Too late I guess, but I'll post it anyway. It's a bit of a drive (20-30 min or so) and I've yet to ride it on a bike, but if you start from Banning on I-10 you can take the road up to Idylwild (forget the route #). It goes up and up and up for a long way--very curvy, and at certain times I guess there could be quite a bit of traffic. Don't know what the average grade is but it is a good long climb and goes through some pretty country with great views and is reasonably close. If you don't mind driving a bit further (45 min or so), then there is a great climb from Beaumont up to Oak Glen. This is usually included in the Redlands Cyclery Classic as part of one of the stages.

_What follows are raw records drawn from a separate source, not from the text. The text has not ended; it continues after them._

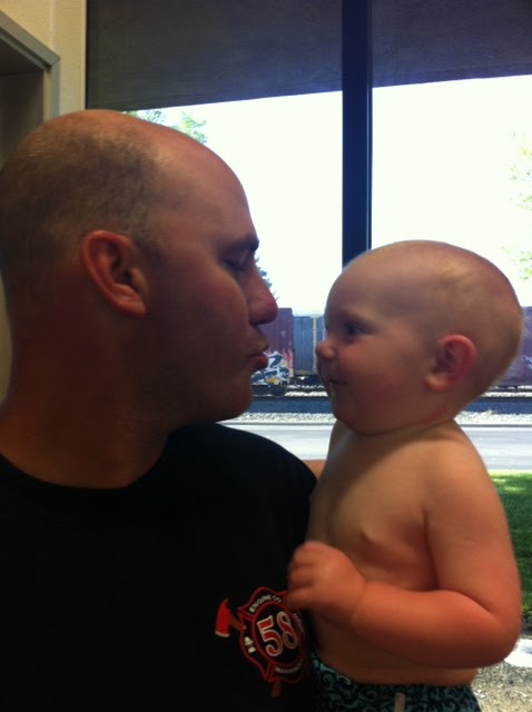 We followed swim class up with a swim date! One of my earliest childhood friends, Shannon, came to visit with her two little ones. Shannon and I have been friends since kindergarten when our dads bonded over being the only two dads video taping the first day of school! Little Guy had a blast playing with Mikayla (22 months) and Tyson (7 months)...yes, Shannon is BUSY!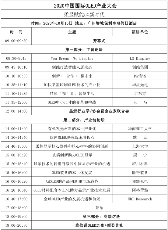 在此背景下,由中國電子視像行業協會主辦,廣州市工業和信息化局、廣州市增城區人民政府承辦,深圳市平板顯示行業協會執行的第五屆“2020中國國際OLED產業大會”將以“柔顯賦能5G新時代”為主題,于2020年10月16-17日在廣州增城打造OLED全產業鏈交流對接的平臺。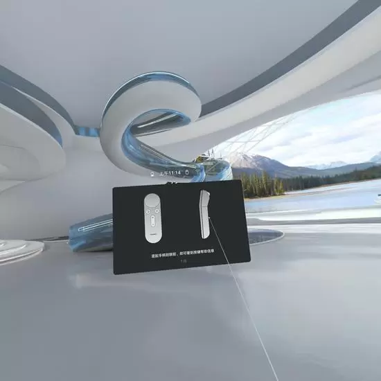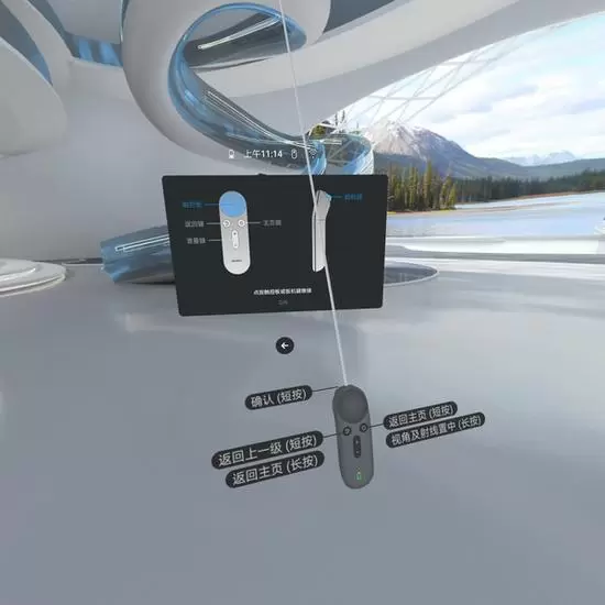 当手机连接HUAWEI VR Glass后,就进入到主界面,这时系统会对新手用户进行步骤引导。如果没有记住手柄或手机的功能按键的话,将手柄或手机与眼镜平行,就会告知用户该如何使用。

Early morning is usually best for both, as later on in the day the smog rolls in.


----------



## Friction_Shifter

the next time you do the road to the Tram when you get to the gate where they can close the road off (about 2ish miles up)look to the left. There is a hole in the fence and a trail. The trail goes back and then to the left. You will encounter the most amazing hot springs ever after about 1/3 mile.

p.s. don't tell the world or anything stupid like that

if you do the road from banning to idyllwild be careful. you could also do the road from hemet to idyllwild(be careful). Both of those will seriously kick your butt.


----------



## Friction_Shifter

whoops


----------